I'm not dissing the plastic, just being realistic on long-term wear and tear. I'm simply pitting a very high-end polymer against an extremely high-end aluminum anodize. So, eliminating the recharge converter due to quality, it's the G2's price vs the E2E's anodizing, often complained about clip, lockout switch, and somewhat smaller size. Now, if I consider the amount of holsters and straps I have on this very desk as I type, I can compensate for the shortened clip. If it comes down to lumens, G2 has five more, but of course the equal cut in runtime. That's not counting bulb replacements. 
Price vs size. I'm a part-time comedian, there should be an easy joke for that, but I'm too busy rubbing my chin and looking at comparison charts.

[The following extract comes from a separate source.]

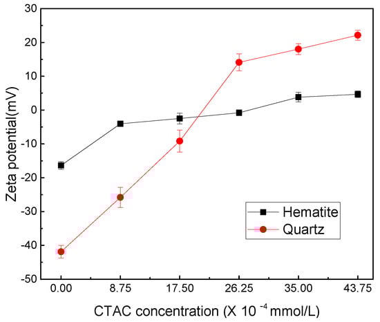 CTAC dissociates in water and exists in the form of positively charged C19H42N+, the adsorption of which onto a mineral surface can change the electrical properties of the mineral/liquid interface. Here, the adsorption capacity of CTAC on the surface of hematite and quartz was analyzed by measuring surface potential changes of minerals before and after the interaction with CTAC. The zeta-potential measurements results are presented in Figure 4.

Now, if I had a less active lifestyle, I'd go with the G2 without a second thought. But as it is, I carry quite a few tools and gadgets with me even when traveling light. All my jackets have deep pockets and interior pockets, some of which would warmly accept a G2, but I need a year-round light that I can carry when the weather changes. It's the 28th, and today, outside Chicago, I saw a bunch of geese coming back from their month-long migraton down South. This is going to be one warm winter. 
It's official. E2E. 
Thanks for all the help, guys, I'll be sure to report back after I get my hands on it!


----------



## CLHC (Dec 28, 2005)

Well if you're "worried" about the clip and all, there's a Kydex holster with tritium insert that Tad Gear sells specifically for the SureFire E2e that really looks "executive" looking and not some disheveled looking piece of plastic. The Nitrolon is very tough on abuse. I use one at work on a construction site. I've used MEK to clean the body off of the SF.G2 when it gets covered with 2-part epoxy and all. It sure does stand up well. Aside from dropping aluminium bodied flashlights and getting dings and what not, that's not a common thing with the Nitrolon.


----------



## philiphb (Dec 28, 2005)

I have a couple of E2E's a C2, C3, and Z2. I always carry an E2E. Batteries from batterystation.com for CPF'ers are $1.00 each so there is no big deal in their expense. Given all the options I EDC an E2E.:devil:


----------



## Flakey (Dec 29, 2005)

the one thing that i would warn you about the G2 is that, yes it is a surefire, yes it is made exceptionally well but YES it does look like somthing that you purchased from target. Either way you are getting a great flashlight but if you do want somthing that is impressive and will make people ohhh and ahhh, grab that executive! i look at my C3 all the time and say, damn that thing looks cool. the G2 just looks like a flashlight, not a surefire. (until you see the beam)


----------



## LEDcandle (Dec 29, 2005)

AlexSchira said:


> this thing could probably nick my hand or clothes. I live in the city, imagine some one bumping up against me in the subway and losing a kidney. The E2E just looks more low-key. It looks like a somewhat stocky Mini Mag. I've carried Mags for years, nobody notices them, nobody cares, it's just a little light. I don't want this thing to scream 'Dangerous, Do Not Make Eye Contact With This Guy', I want it to just sit in my pocket and occasionally ring up a chime of 'Hey, is that a flashlight?'. The E2E just looks friendlier.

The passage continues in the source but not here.